I´ve started with a full-stack framework (not sure if i should name it here) and in about 2 weeks i´m at a point which took me over 4 months with ember.

This post is not to make look ember bad (probably it is more my lack of experience) but to give feedback.

Ben

11 Likes

This is a fair issue- I think Ember is a little rough for beginners, and I don’t know that there’s an easy way to fix that. Getting up to speed is dependent on knowing not only programming concepts, javascript syntax and a bit of jQuery, but some architecture concepts and design patterns like MVC, getters/setters, pub/sub, and separation of concerns.
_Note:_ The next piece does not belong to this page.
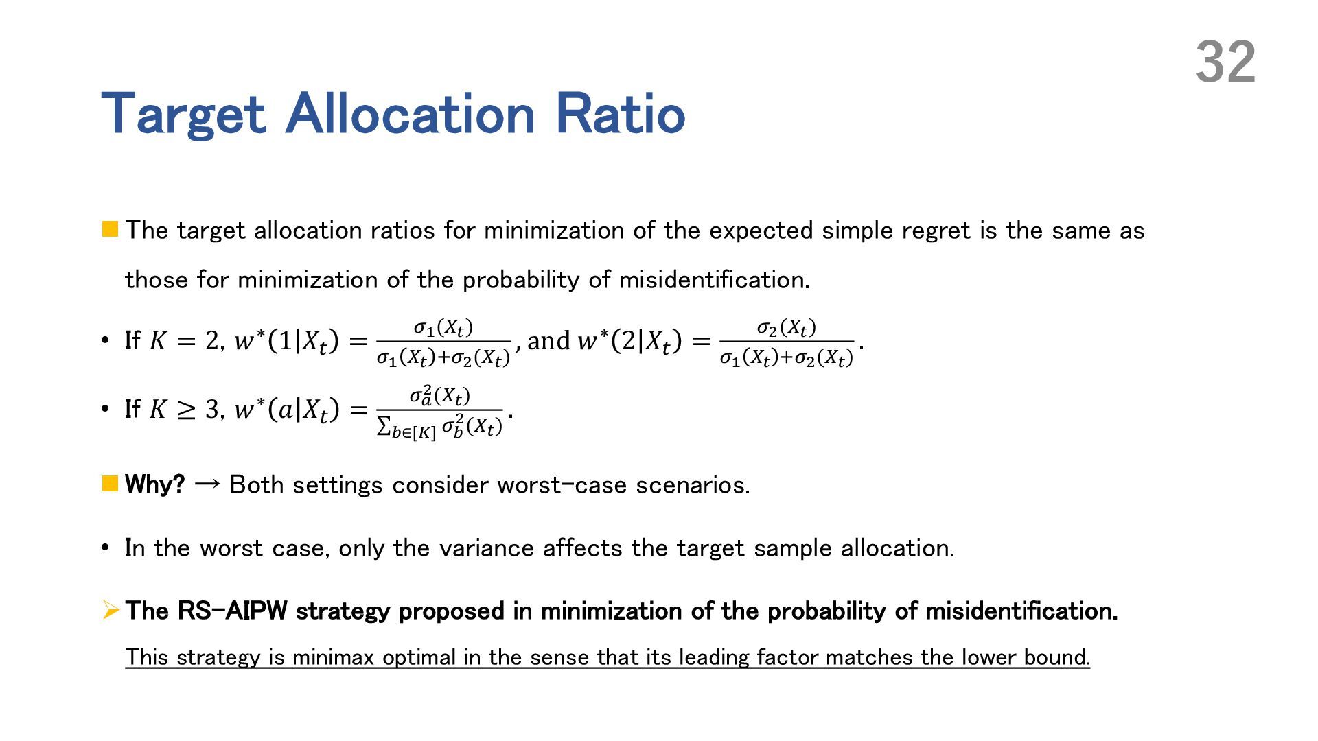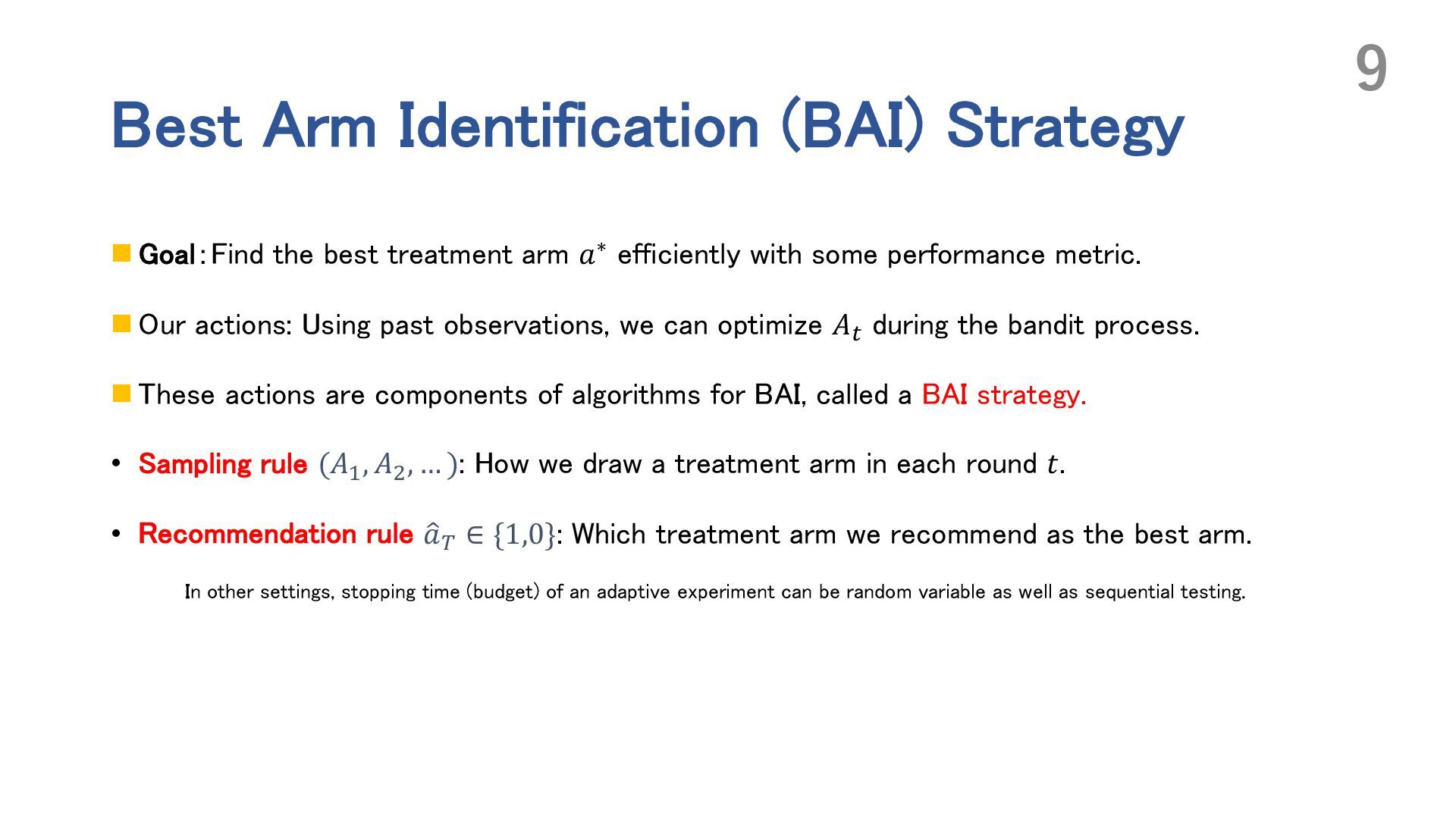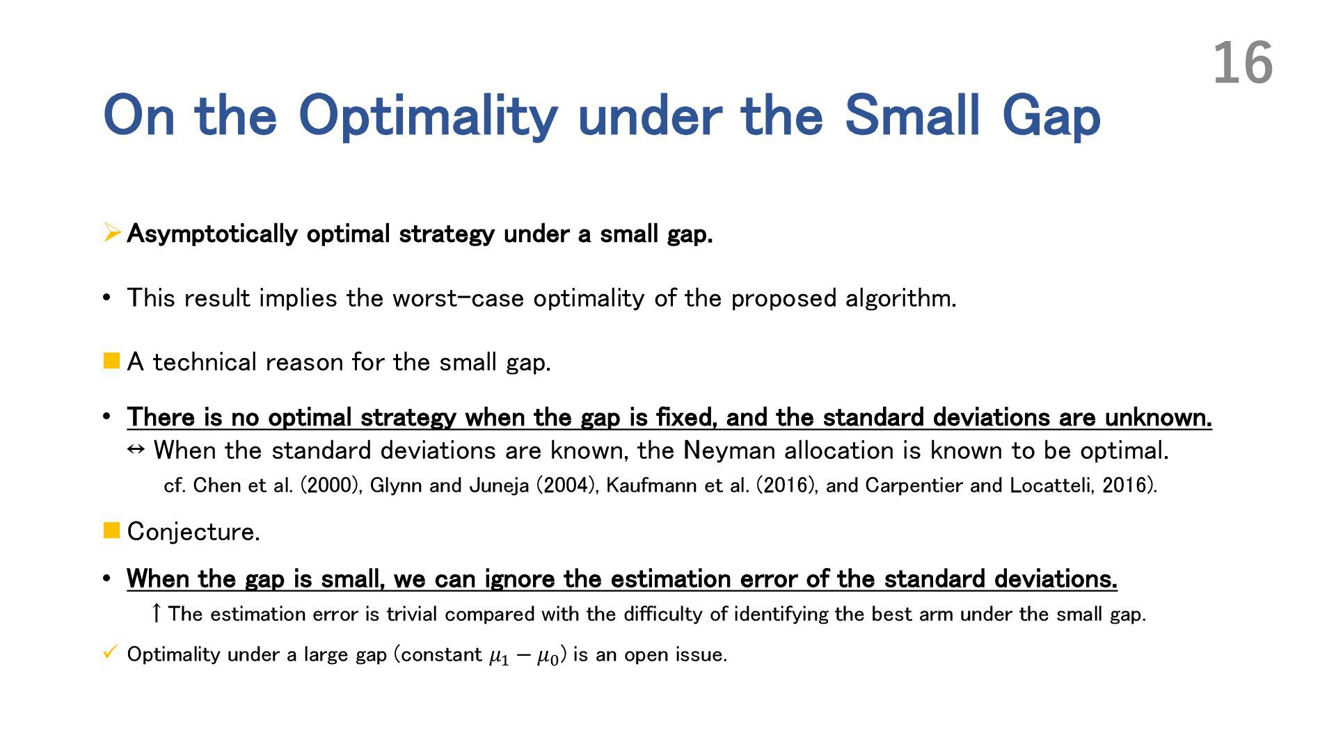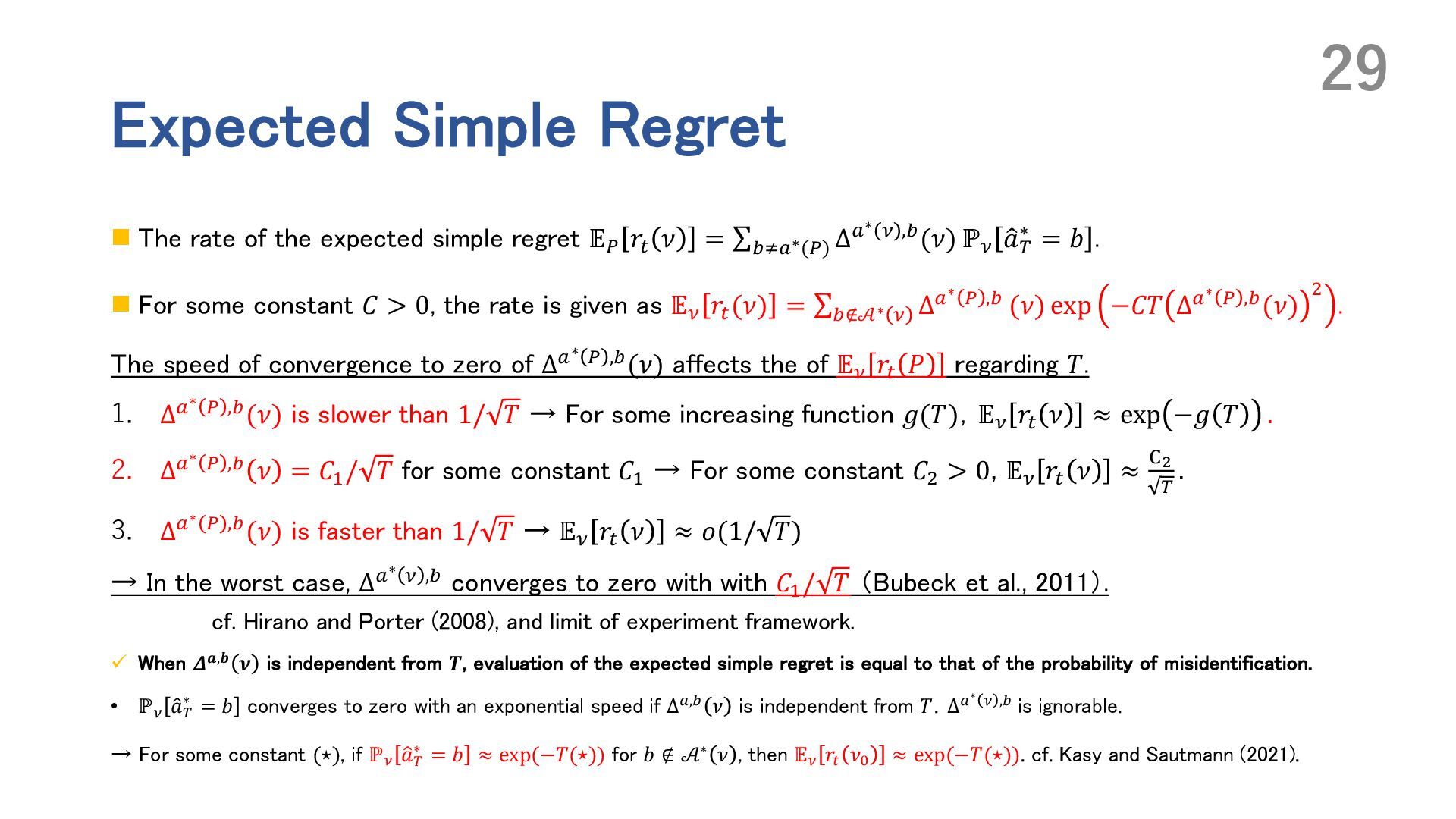 and Qin, C. (2022), โBest Arm Identification with a Fixed Budget under a Small Gap.โ โข Audibert, J.-Y., Bubeck, S., and Munos, R. (2010), โBest Arm Identification in Multi-Armed Bandits,โ in COLT. โข Bubeck, S., Munos, R., and Stoltz, G. (2011), โPure exploration in finitely-armed and continuous-armed bandits,โ Theoretical Computer Science. โข Carpentier, A. and Locatelli, A. (2016), โTight (Lower) Bounds for the Fixed Budget Best Arm Identification Bandit Problem,โ in COLT โข Chen, C.-H., Lin, J., Yรผcesan, E., and Chick, S. E (2000). Simulation budget allocation for further enhancing the efficiency of ordinal optimization. Discrete Event Dynamic Systems, โข Garivier, A. and Kaufmann, E. (2016), โOptimal Best Arm Identification with Fixed Confidence,โ in COLT. โข Glynn, P. and Juneja, S. (2004), โA large deviations perspective on ordinal optimization,โ in Proceedings of the 2004 Winter Simulation Conference, IEEE. โข Kaufmann, E., Cappรฉ, O., and Garivier, A. (2016), โOn the Complexity of Best-Arm Identification in Multi-Armed Bandit Models,โ JMLR. โข Lai, T. and Robbins, H. (1985), โAsymptotically efficient adaptive allocation rules,โ Advances in Applied Mathematics. โข Manski, C. F. (2000), โIdentification problems and decisions under ambiguity: Empirical analysis of treatment response and normative analysis of treatment choice,โ Journal of Econometrics. - (2002), โTreatment choice under ambiguity induced by inferential problems,โ Journal of Statistical Planning and Inference. - (2004), โStatistical treatment rules for heterogeneous populations,โ Econometrica. โข Manski, C. F. and Tetenov, A. (2016), โSufficient trial size to inform clinical practice,โ Proceedings of the National Academy of Science. โข Stoye, J. (2009), โMinimax regret treatment choice with finite samples,โ Journal of Econometrics. 35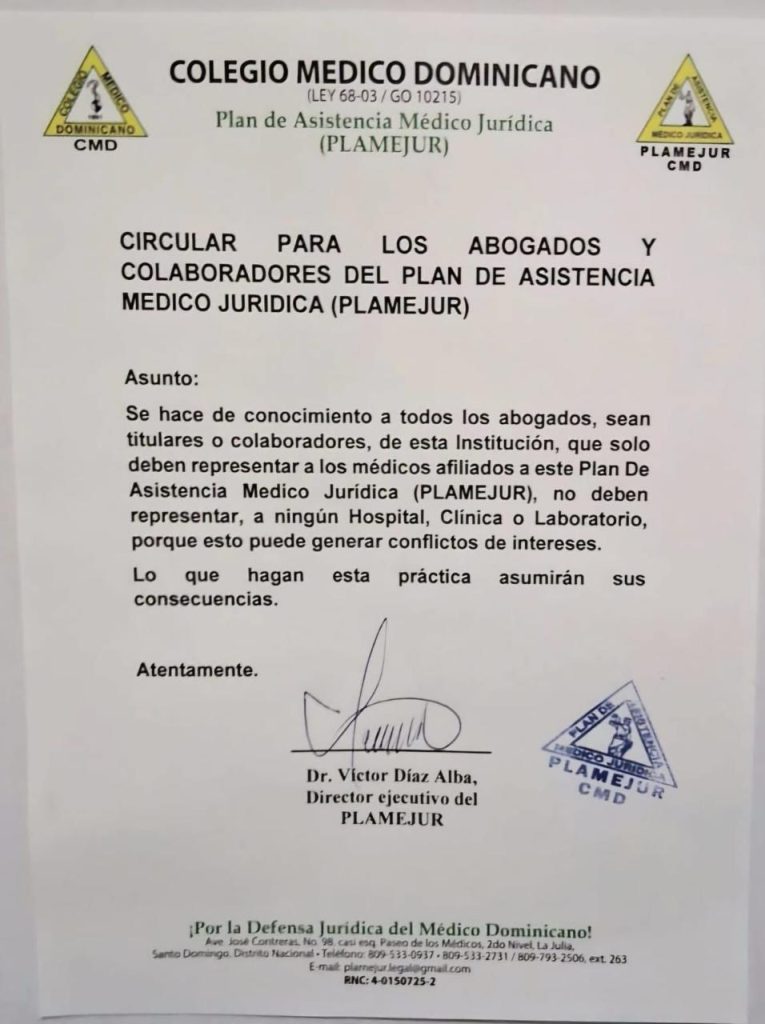 “PLAMEJUR representa a los médicos afiliados a PLAMEJUR, mientras que las clínicas privadas están afiliadas a ANDECLIP. Ambas instituciones tienen su propio consejo de administración”, precisó.

Furthermore, even a medium-sized project will require some understanding of build tools and asset pipelines. Lastly, a lot of the good stuff is a work in progress, so you have to have some comfort level regularly reading release notes and participating in forums or IRC. Frameworks like Angular and Backbone ask much, much less of you and I don’t think anyone has disputed that it’s faster to get started in them.

Ember’s advantage is that you consistently encouraged to do things in the most architecturally sound way. It makes adding new features, pivoting, troubleshooting, and scaling easier by factors over any alternative.

The advantage of non-opinionated frameworks is that you can build stuff exactly how you always have, just a little faster. The downside of this is that an “angular app” could mean just about anything, and the skills you use on one project have a good chance of not transferring to the next one. Contrast this with Ember (especially a CLI project)- unless the developer went to an effort to conceal their intent, I can probably figure out everything I need to know about their app with a quick look at the code- no comments necessary. This means developers are easy to add to a team, and 3 years from now it shouldn’t be difficult to patch something (no “I think this was from around the time Jerry was into giving each function its own file, so…”).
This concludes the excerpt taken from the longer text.